I am trying to solve the following problem from an introductory book on mathematical logic: Let $N\subseteq M$ be a substructure. Show that for every quantifier-free $L$-formula $\varphi$ with free variables $x_1,\ldots,x_n$ and for every $n$-tuple $m_1,\ldots,m_n$ of elements of $N$, we have
$$N\models\varphi(m_1,\ldots,m_n)\iff M\models\varphi(m_1,\ldots,m_n).$$
My solution goes as follows: Let $\psi$ be the $L_N$-sentence $\varphi(m_1,\ldots,m_n)$ for some fixed $n$-tuple $m_1,\ldots,m_n$ of elements of $N$. We show by induction on the height of $\psi$ that $N\models\psi$ if and only if $M\models\psi$ where $N$ and $M$ are interpreted as $L_N$-structures in the natural way (this is the same as the equivalence given in the problem). First, assume that $\psi$ is of the form $R(t_1,\ldots,t_k)$ for some $k$-place relation symbol $R$ and some closed $L_N$-terms $t_1,\ldots,t_k$. By the definition of a substructure, we see that $t_i^N\in N$ for all $i$ and then, again by the definition of a substructure, it must hold that $N\models R(t_1,\ldots,t_k)$ if and only if $M\models R(t_1,\ldots,t_k)$. We can do the same thing if $\psi$ is of the form $t_1=t_2$ for some closed $L_N$-terms $t_1,t_2$, so this deals with the case when $\psi$ is atomic. Next, suppose that $\psi$ is of the form $\alpha\land\beta$ for some $L_N$-formulas $\alpha,\beta$ such that the given equivalence holds. Then, $N\models\psi$ iff $N\models\alpha$ and $N\models\beta$ iff $M\models\alpha$ and $M\models\beta$ iff $M\models\psi$. If $\psi$ is of the form $\alpha\lor\beta$, $\neg\alpha$ or $\alpha\rightarrow\beta$, we proceed in a similar way. Since we were only interested in quantifier-free formulas, this finishes the induction.

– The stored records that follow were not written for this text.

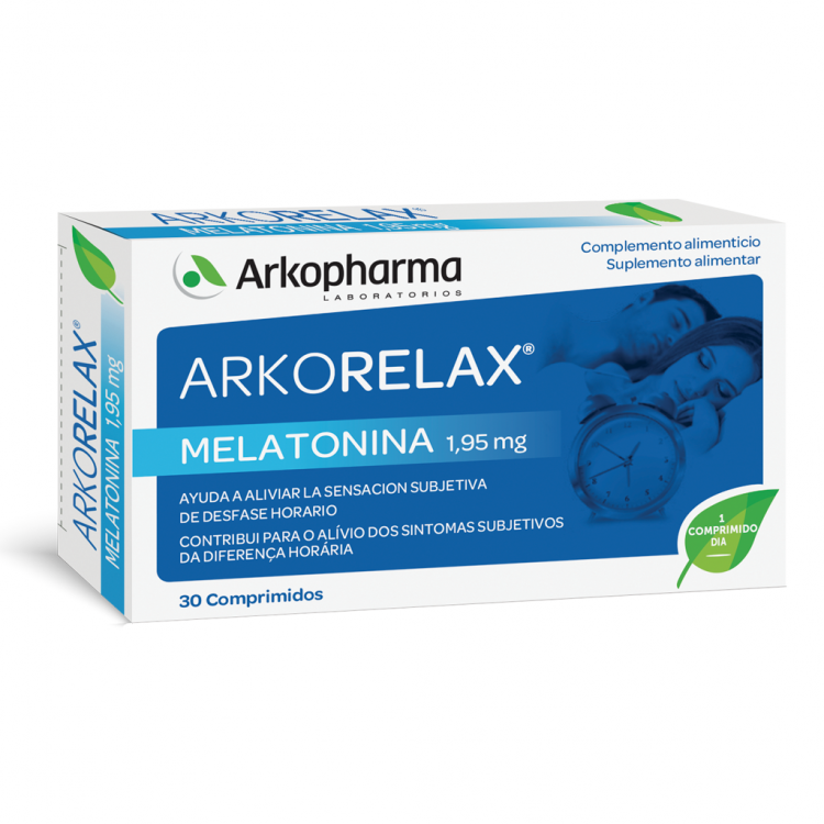 ARKORELAX Melatonina 1,95 mg é um suplemento alimentar à base de melatonina. A melatonina contribui para o alívio dos sintomas subjetivos da diferença horária. TOMA DIÁRIA RECOMENDADA: Tomar 1 comprimido antes de se deitar no primeiro dia da viagem e nos 4 dias seguintes após a chegada ao destino. O efeito benéfico é obtido com um consumo mínimo de 0,5 mg de melatonina.
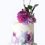 Фиолетовый свадебный торт оттенки в аппликации с цветами
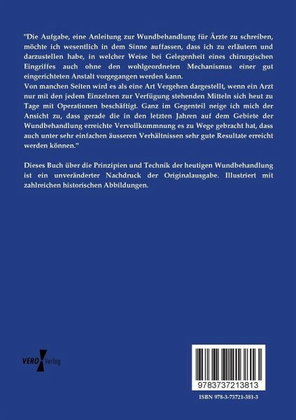 "Die Aufgabe, eine Anleitung zur Wundbehandlung für Ärzte zu schreiben, möchte ich wesentlich in dem Sinne auffassen, dass ich zu erläutern und darzustellen habe, in welcher Weise bei Gelegenheit eines chirurgischen Eingriffes auch ohne den wohlgeordneten Mechanismus einer gut eingerichteten Anstalt vorgegangen werden kann.
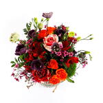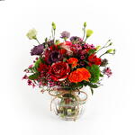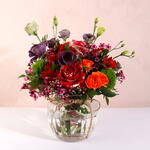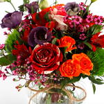 Этот яркий букет — потрясающая смесь цветов и текстур: оранжевые розы, фиолетовый лизиантус и нежные розовые восковые цветы в сочетании с разнообразной пышной зеленью. Насыщенные оранжевые и фиолетовые тона красиво контрастируют с мягкими розовыми акцентами, создавая живую, но гармоничную композицию. Идеально подходит для любого случая, этот букет излучает тепло и энергию, становясь продуманным подарком, который поднимет настроение каждому. Профессионально оформленный в очаровательной стеклянной вазе, этот цветочный шедевр наверняка произведёт неизгладимое впечатление.
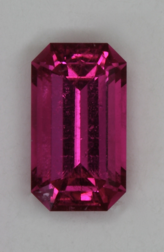 This red emerald cut has a touch of purple and is lightly included. Still it is eye candy and weighs .53 carats.
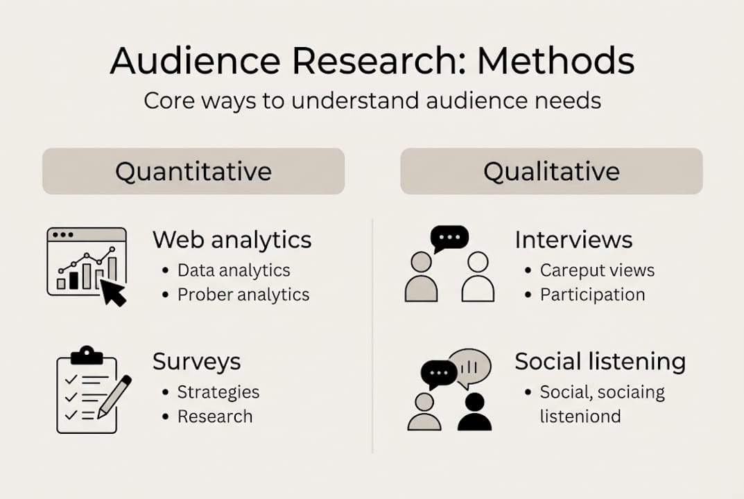 There's no single method that gives you the full picture. The most accurate audience understanding comes from combining quantitative data with qualitative insight. Think of it as triangulation: each method fills in the blind spots of the others.
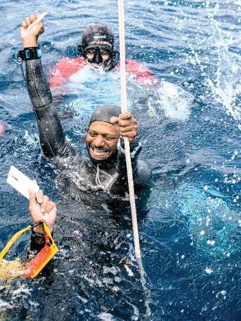 Free Immersion (FIM): 72 metres –new record (previous record 68 metres, also held by Umair) Using the rope to descend and ascend without fins.
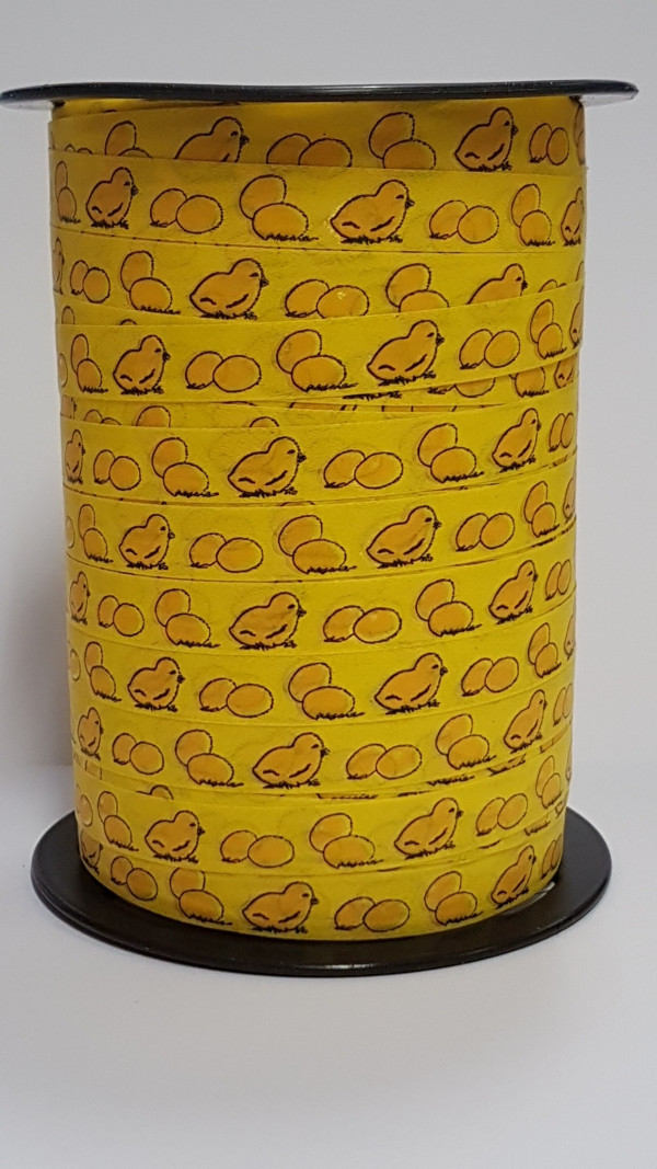 Kräuselband Osterküken Gelb mit Orange 10mm x 225 meter (1 Rolle) [HV-EAS10YO]
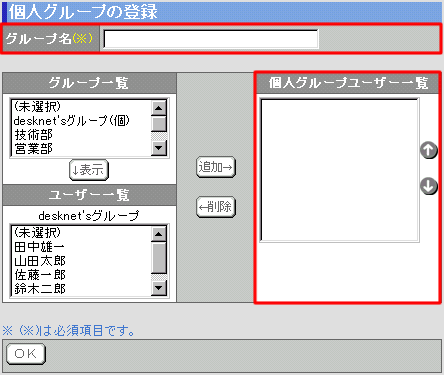 ※携帯端末対応版・PDA対応版では、利用者名簿機能でのみ、この個人グループが利用できます。

Is this solution correct? Are there other solutions, that don't use induction on the height of $\varphi$, to this problem?
The solution is correct, but a bit incomplete.
As you say, it follows from the definition of a substructure (namely, the property that it is a structure) that $t_i^N\in N$, but this is not enough. You need to show that $t_i^N(m_1,\ldots,m_n)=t_i^M(m_1,\ldots,m_n)$ (which is a similar inductive argument).
I doubt the inductive arguments can be avoided, although I think there are some ways to at least partly sweep them under the rug (but that only serves to make the argument less transparent and actually more complicated, as far as I can tell).